In particular, I observed substantial deviations from normality in recall for a single visual feature (Fig. 2, left column), in which the slots + averaging model predicts errors will be normally distributed, with kurtosis around 0. A formal model comparison confirmed that the population coding model provided a significantly better fit to the experimental data than the slots + averaging model (log Bayes factor, 11.8 ± 4.3; BIC/AIC difference, 22.8 ± 8.6; model comparison favored the population coding model in seven of eight subjects).

The slots + averaging model can be viewed as a two-stage hierarchical model. The first stage determines the number of slots allocated to the probed item and hence the precision with which the item is stored. The second stage consists of drawing a random sample from a normal distribution with the specified precision: the outcome determines the error in recall. In most cases, it is not possible to equally distribute slots between memory items; therefore, the first stage (as well as the second stage) is probabilistic: the probed item will be stored with different levels of precision from trial to trial.

Figure 6*a* plots the cumulative distribution over precision predicted by the slots + averaging model with ML parameter values obtained for a representative subject. Because slots are allocated in discrete quanta, this cumulative distribution consists of a series of steps: each step corresponding to a different number of slots allocated to the probed item (here I assumed that slots are allocated as evenly as possible between items, but other allocation policies are possible and would predict different distributions over precision).

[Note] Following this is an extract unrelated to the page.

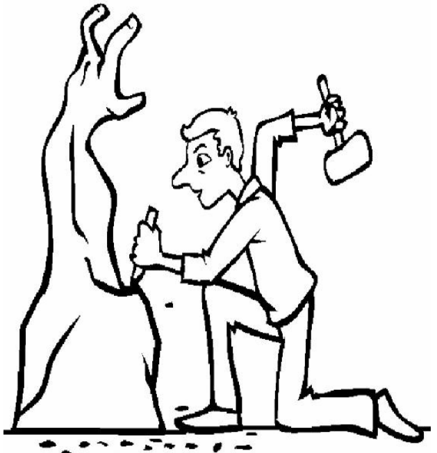
Adivinanza número 5

The recall advantage for a cued item seen in Experiment 2 has a possible explanation within the slots + averaging model: more slots could be allocated to the cued item than to uncued items, increasing the precision of its storage. However, model comparison again showed that this account (ML parameters: *M* = 5.3 ± 1.0; σ_{1} = 0.89 ± 0.12; *A*_{cued}^{N=2} = 3.3 ± 0.68, *A*_{cued}^{N=4} = 2.0 ± 0.54, *A*_{cued}^{N=8} = 1.7 ± 0.56) provided a significantly poorer fit to the data than the population coding model (log Bayes factor, 26.3 ± 8.0; BIC/AIC difference, 45.6 ± 16.4; model comparison favored population coding model in seven of eight subjects).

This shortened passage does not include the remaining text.